A systematic search in Pubmed, EMbase and the Cochrane Library to identify eligible randomized controlled trials, propensity score matching (PSM) and observational studies that compare early norepinephrine initiation with non-early norepinephrine initiation in patients with acute circulatory failure. The primary outcome was mortality in intensive care unit. Secondary outcomes included intensive care unit length of stay, fluid volume received at 6 h, norepinephrine dose, mechanical ventilation-free days, renal replacement therapy free days, and time to achieve a targeted mean arterial pressure (MAP). Meta-analysis and subgroup analysis were conducted to calculate odds ratio (OR) or mean difference with 95% confidence interval (95%CI) using random-effect model. Trial sequential analysis was conducted to evaluate the conclusiveness of evidence.

Results

Ten studies (two RCT, three PSM and five observational studies) involving 4767 patients were included. Early norepinephrine significantly reduced mortality in RCT (OR 0.49, 95%CI 0.25–0.96; I² = 45%, p = 0.04), pooled RCT and PSM (OR 0.65, 95%CI 0.42–0.99; I² = 74%, p = 0.05), and observational studies (OR 0.71, 95%CI 0.54–0.94; I² = 66%). The trial sequential analysis indicated more data are needed. Subgroup analyses showed reduced mortality with early norepinephrine when lactate was ≤ 3mmol/L and administered within 1 h. Secondary outcomes showed a reduced fluid volume at 6h (RCT + PSM: mean difference −502 mL, 95%CI −899 to −106; I² = 91%, p = 0.01), faster MAP target achievement (RCT + PSM: mean difference −1.30h, 95%CI −1.75 to −0.85; I² = 0%, p < 0.01), more mechanical ventilation-free days (RCT + PSM: mean difference 3.99 days, 95%CI 2.42–5.57; I² = 32%, p < 0.01) and smaller cumulative norepinephrine dose (Observational: mean difference –3.44 mcg/kg, 95%CI -6.13 to -0.76; I² = 0%, p = 0.01) in the early initiation group compare to the non-early initiation group.

Conclusion

Early norepinephrine introduction in septic shock is associated with reduced mortality, decreased fluid volume administered at 6 h, faster time to achieve MAP target and more mechanical ventilation-free days. However, the trial sequential analysis indicates that further RCT are still needed to confirm these findings.

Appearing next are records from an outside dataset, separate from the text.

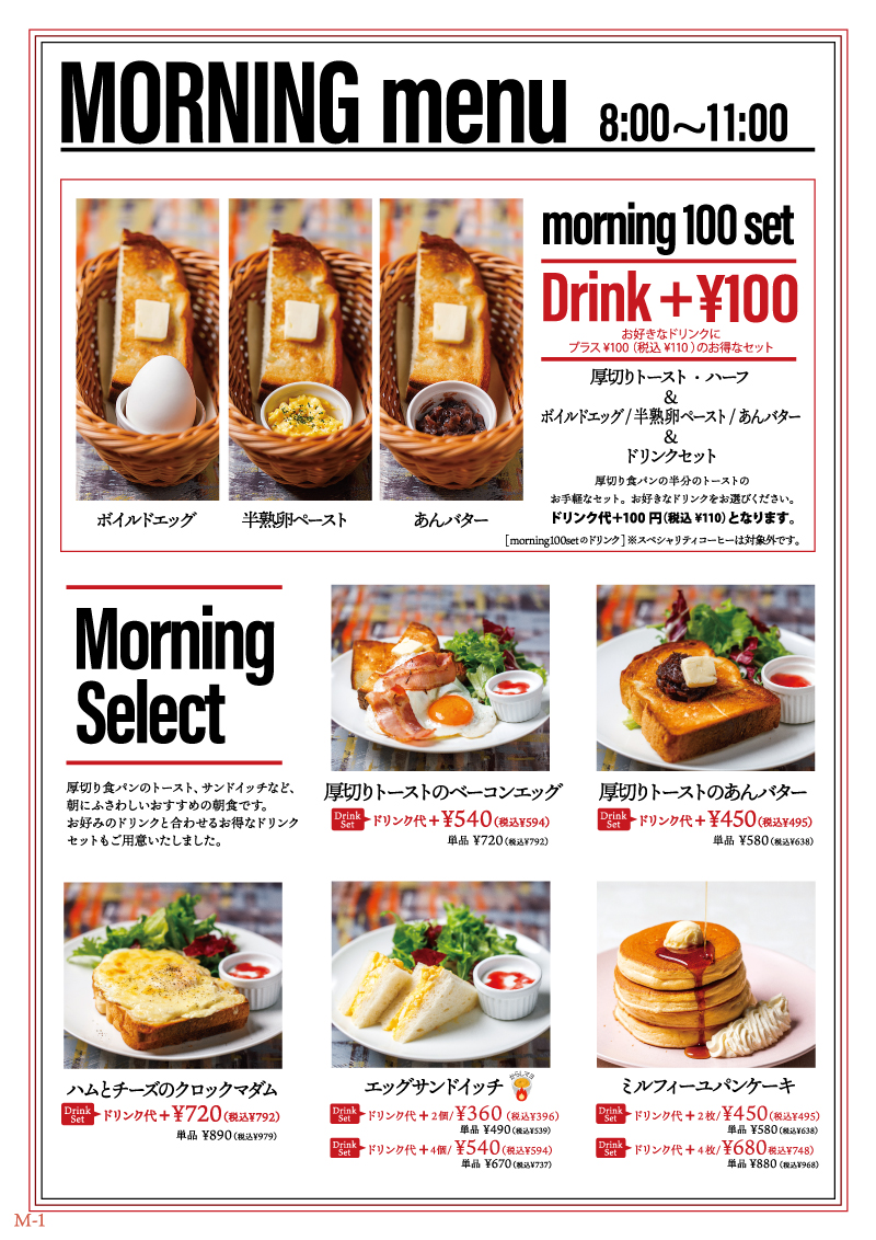 Morning menu 8:00 ~ 11:00
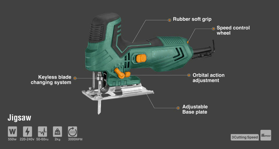 Include:Lama di legno, connettore per tubi di polvere, chiave inglese, righello guida
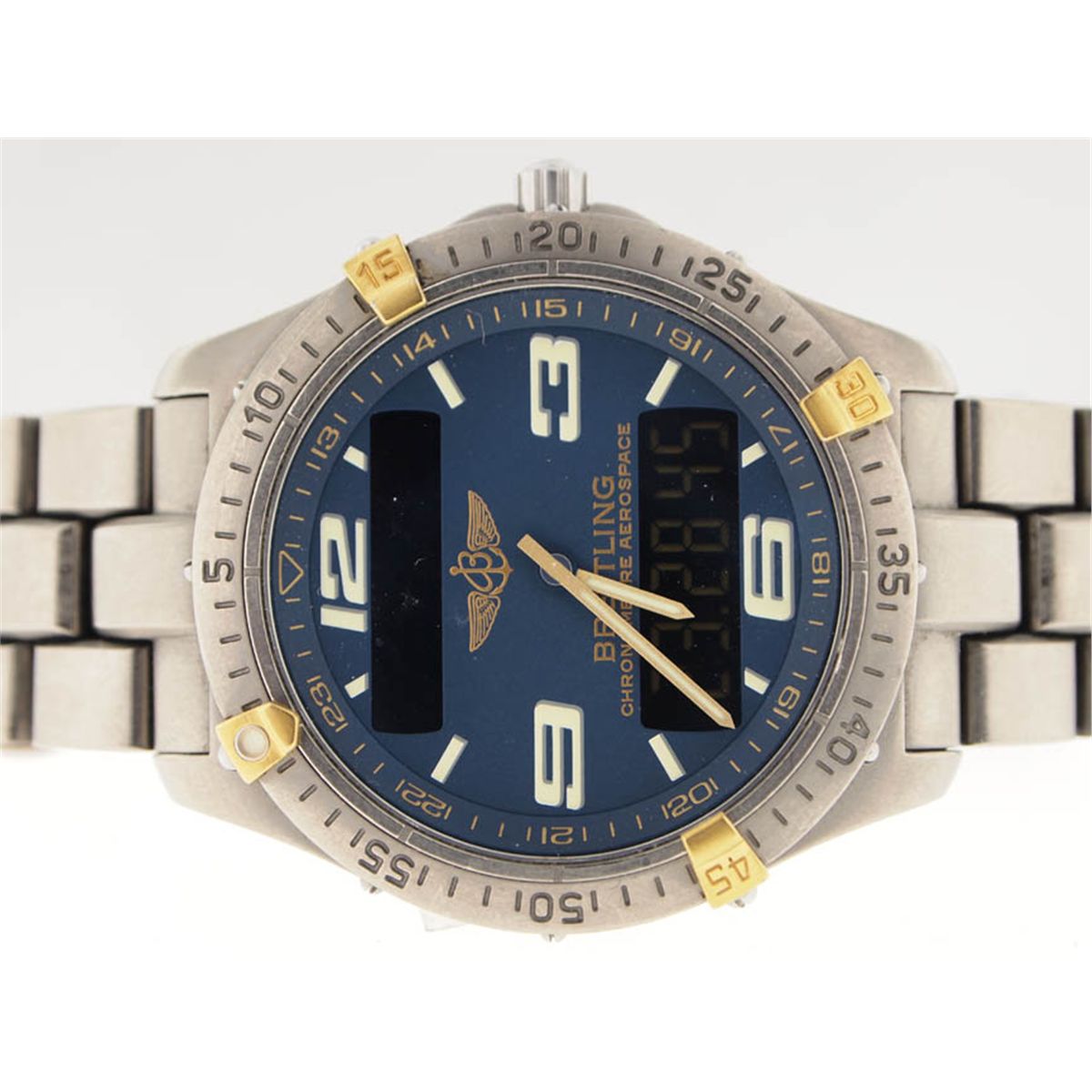 Breitling Mens Titanium and 18k Aerospace. Breitling, Mens, Titanium, 18k Gold, Chronometer Aerospace, Digial and Analog, Deployment Buckle, Swiss Made, Beautiful Condition, Pre-Owned.
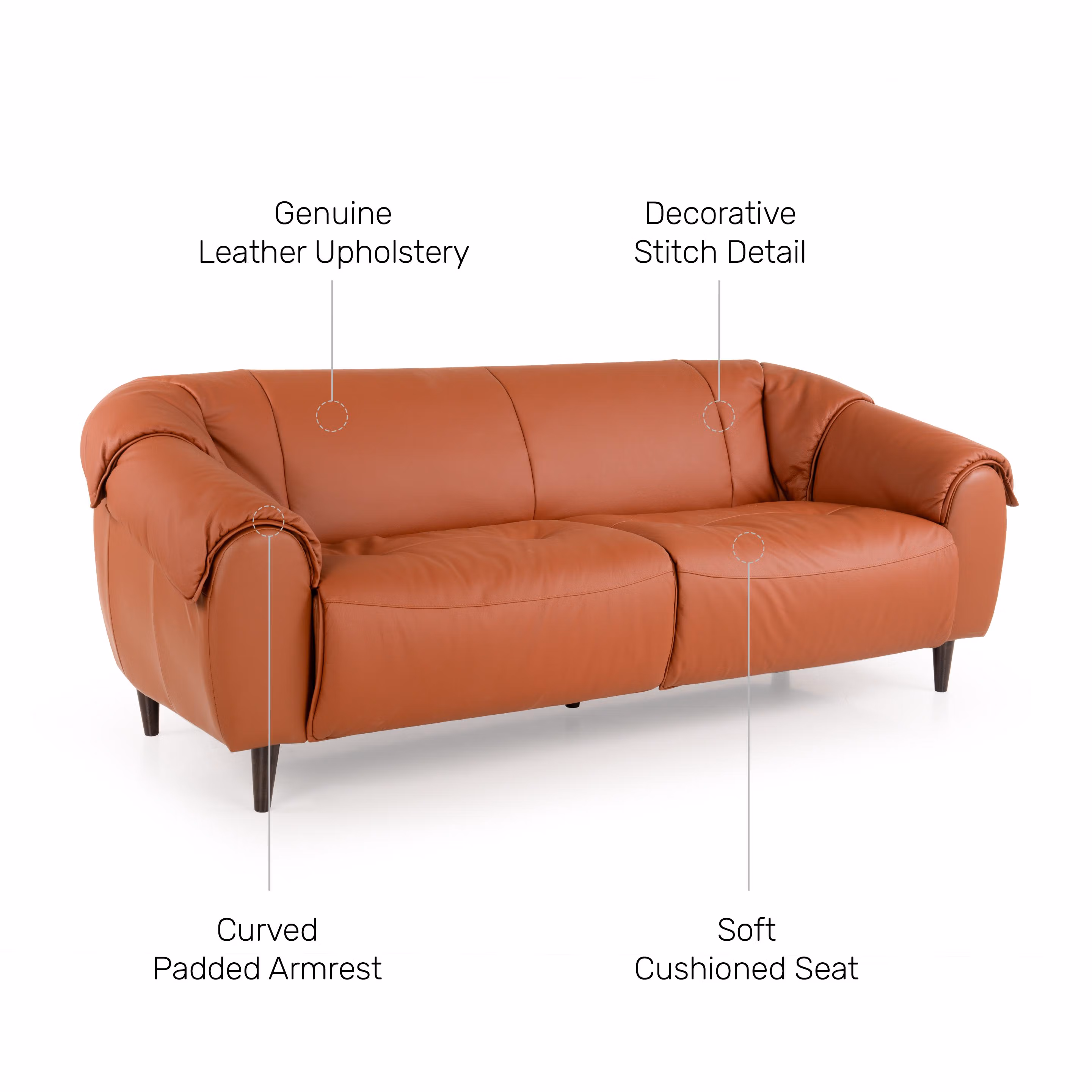 If you want a leather sofa that balances comfort, durability, and price, this is the one. It’s marketed toward modern Indian homes, and it shows. The silhouette is clean, the cushioning is supportive, and the leatherette finish makes it easy to live with.

Septic shock is the most common critical condition in intensive care units, consistently associated with high mortality rates [1]. Treatment is based on rapid correction of relative and sometimes absolute hypovolemia by fluid resuscitation. A vasopressor is added if the hemodynamic state is not corrected by correction of the hypovolemic component of acute corticosteroid insufficiency. Norepinephrine is a potent α-1 and β-1 adrenergic receptors agonist, which results in improved cardiac contractility [2], arterial and venous vasoconstriction [3, 4] and a rapid increase in mean arterial pressure (MAP) [5]. Norepinephrine is the preferred first-line vasopressor agent [6].

However, the optimal timing for initiating vasopressor therapy during the resuscitative process remains a subject of debate. The Surviving Sepsis Campaign does not specifically address when norepinephrine should be started in relation to correcting the hypovolemic component of septic shock, although it is suggested that it be started early in cases of life-threatening hypotension [6]. Early administration of norepinephrine may restore arterial pressure more rapidly than fluid resuscitation alone, it may increase cardiac preload by recruiting some unstressed blood volume, and also recruit some cardiac contractility. Nevertheless, starting norepinephrine before the hypovolemic part of septic shock has been corrected may induce excessive vasoconstriction and induce tissue ischemia. Moreover, initiating norepinephrine earlier may increase the time of exposure to catecholamines and total dosage administered, the latter being possibly associated with poor prognosis [7].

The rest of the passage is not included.